Exercise aim:
For the material below, output exactly the span from the line with "영국 BBC방송은 23일(현지시간)" to the line with "Поставьте оценку водителю, напишите", including both, and nothing besides.

Working data:
=-=-=-=-=

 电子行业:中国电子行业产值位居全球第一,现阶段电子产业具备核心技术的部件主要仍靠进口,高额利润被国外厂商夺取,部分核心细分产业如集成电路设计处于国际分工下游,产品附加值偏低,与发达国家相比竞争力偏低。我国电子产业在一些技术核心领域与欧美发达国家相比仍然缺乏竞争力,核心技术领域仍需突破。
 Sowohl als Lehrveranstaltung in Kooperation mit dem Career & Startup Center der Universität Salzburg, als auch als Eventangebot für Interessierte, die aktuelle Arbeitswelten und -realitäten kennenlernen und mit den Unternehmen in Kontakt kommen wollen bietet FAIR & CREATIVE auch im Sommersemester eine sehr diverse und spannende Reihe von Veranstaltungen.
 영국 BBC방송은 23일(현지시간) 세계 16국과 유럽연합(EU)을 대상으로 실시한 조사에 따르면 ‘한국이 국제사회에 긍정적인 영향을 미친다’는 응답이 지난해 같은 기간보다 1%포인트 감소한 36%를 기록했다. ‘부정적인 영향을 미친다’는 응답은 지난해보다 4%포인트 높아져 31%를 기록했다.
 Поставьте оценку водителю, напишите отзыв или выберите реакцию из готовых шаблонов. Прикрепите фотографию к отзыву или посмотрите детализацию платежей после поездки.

=-=-=-=-=

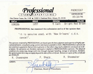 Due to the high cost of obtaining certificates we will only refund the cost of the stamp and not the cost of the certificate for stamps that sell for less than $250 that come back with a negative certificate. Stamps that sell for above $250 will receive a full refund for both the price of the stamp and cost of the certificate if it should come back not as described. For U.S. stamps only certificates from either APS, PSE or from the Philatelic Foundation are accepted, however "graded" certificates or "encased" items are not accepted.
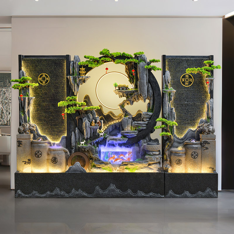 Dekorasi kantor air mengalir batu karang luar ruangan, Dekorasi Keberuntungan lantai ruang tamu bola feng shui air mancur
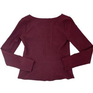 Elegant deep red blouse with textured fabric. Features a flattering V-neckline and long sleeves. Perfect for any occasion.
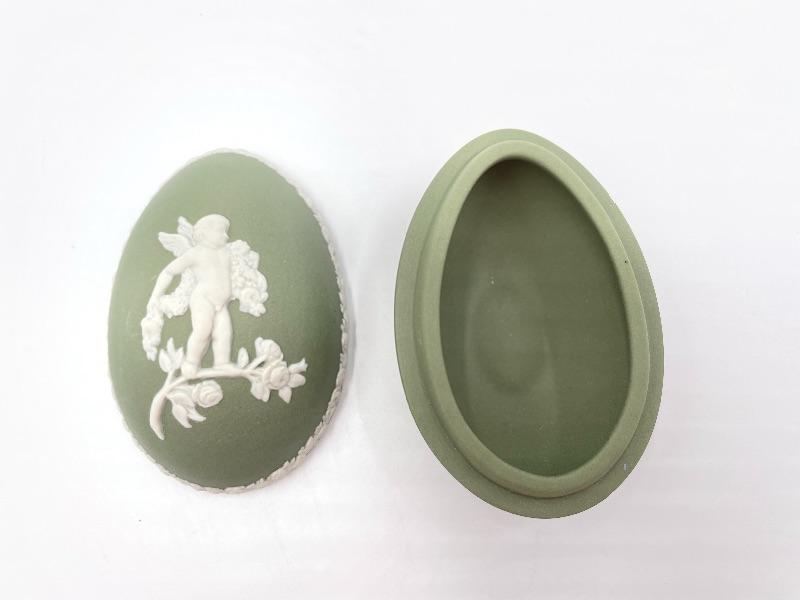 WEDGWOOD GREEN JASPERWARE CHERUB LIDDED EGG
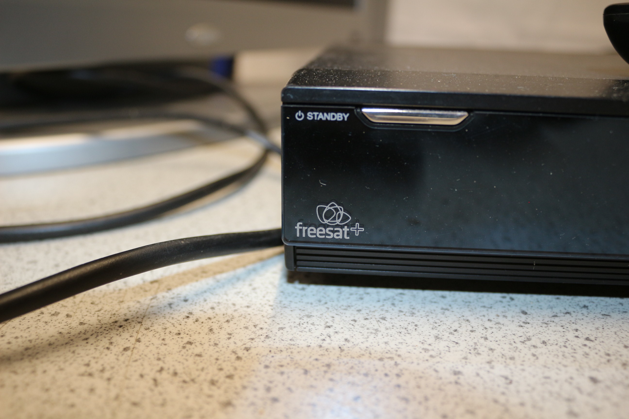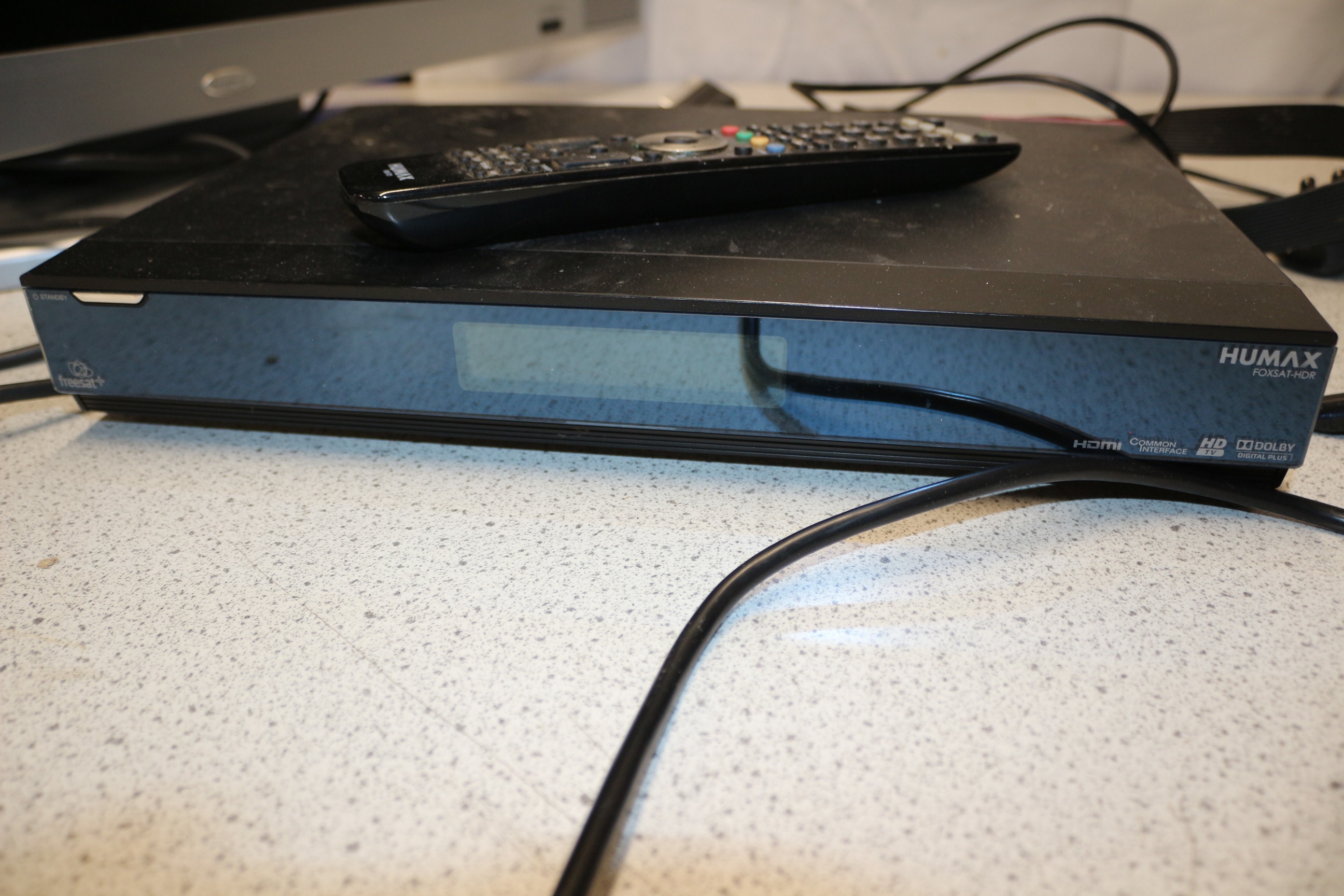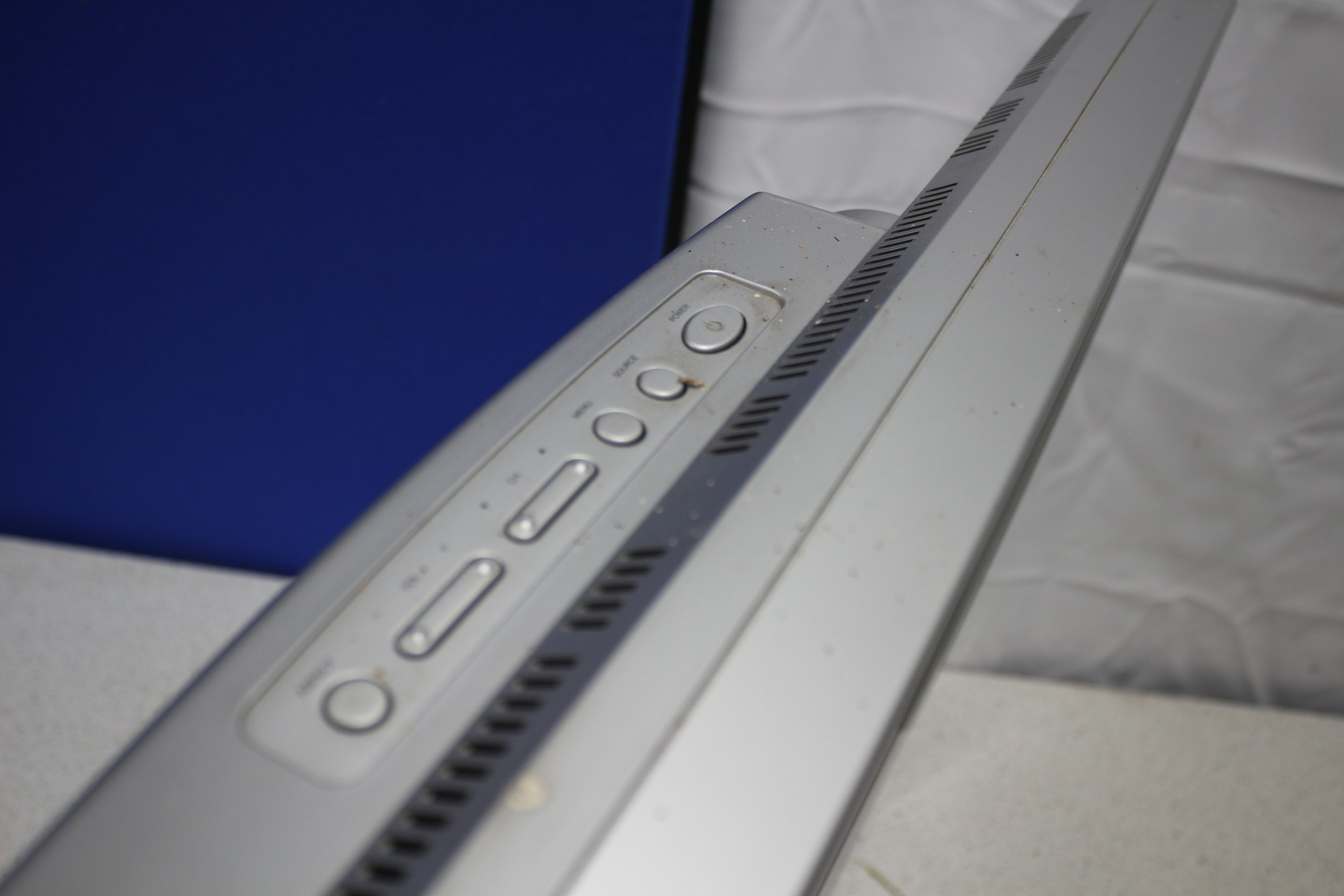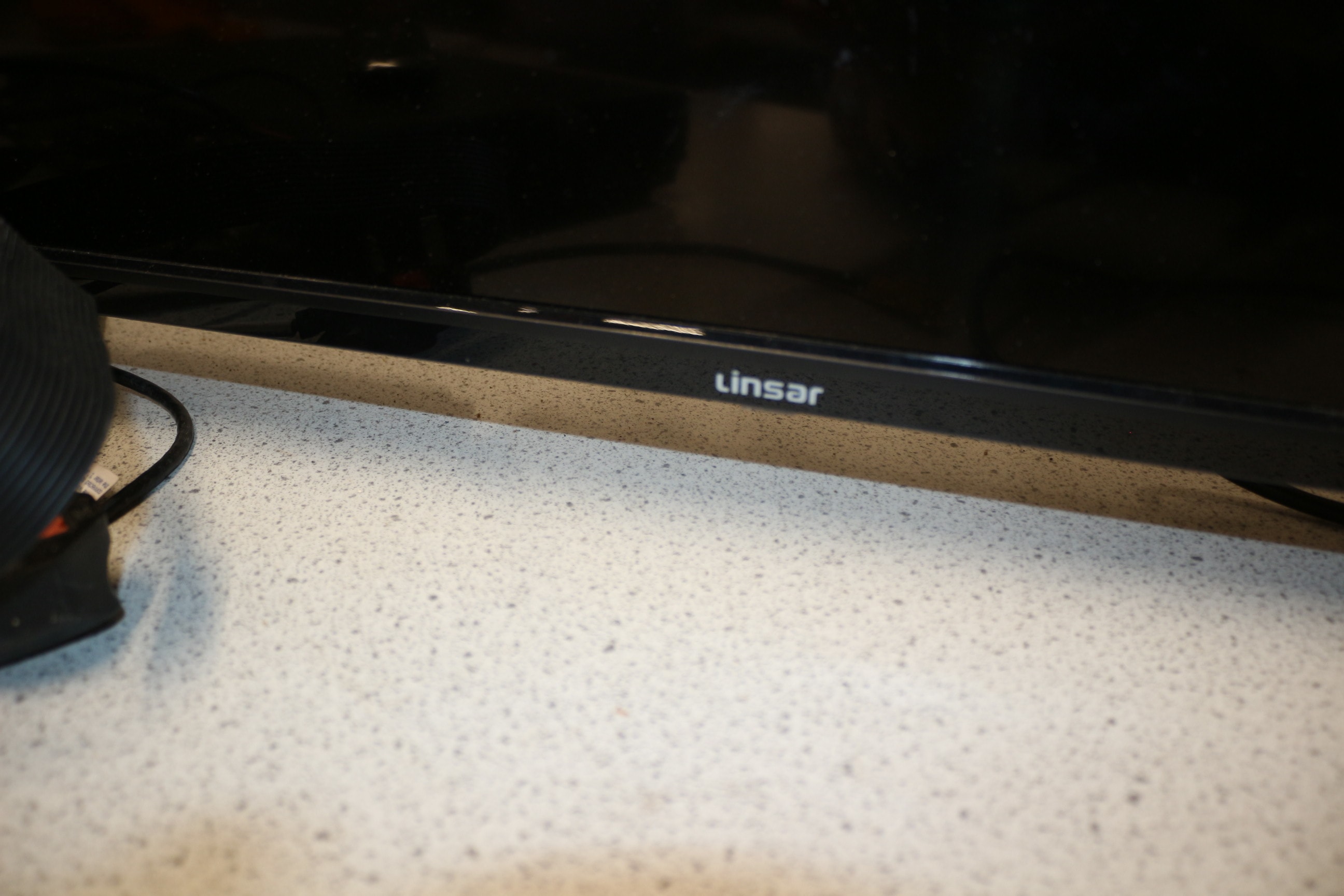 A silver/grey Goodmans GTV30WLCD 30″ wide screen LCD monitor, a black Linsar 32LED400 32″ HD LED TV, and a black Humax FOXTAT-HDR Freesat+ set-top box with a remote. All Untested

=-=-=-=-=

Response below:
 영국 BBC방송은 23일(현지시간) 세계 16국과 유럽연합(EU)을 대상으로 실시한 조사에 따르면 ‘한국이 국제사회에 긍정적인 영향을 미친다’는 응답이 지난해 같은 기간보다 1%포인트 감소한 36%를 기록했다. ‘부정적인 영향을 미친다’는 응답은 지난해보다 4%포인트 높아져 31%를 기록했다.
 Поставьте оценку водителю, напишите отзыв или выберите реакцию из готовых шаблонов. Прикрепите фотографию к отзыву или посмотрите детализацию платежей после поездки.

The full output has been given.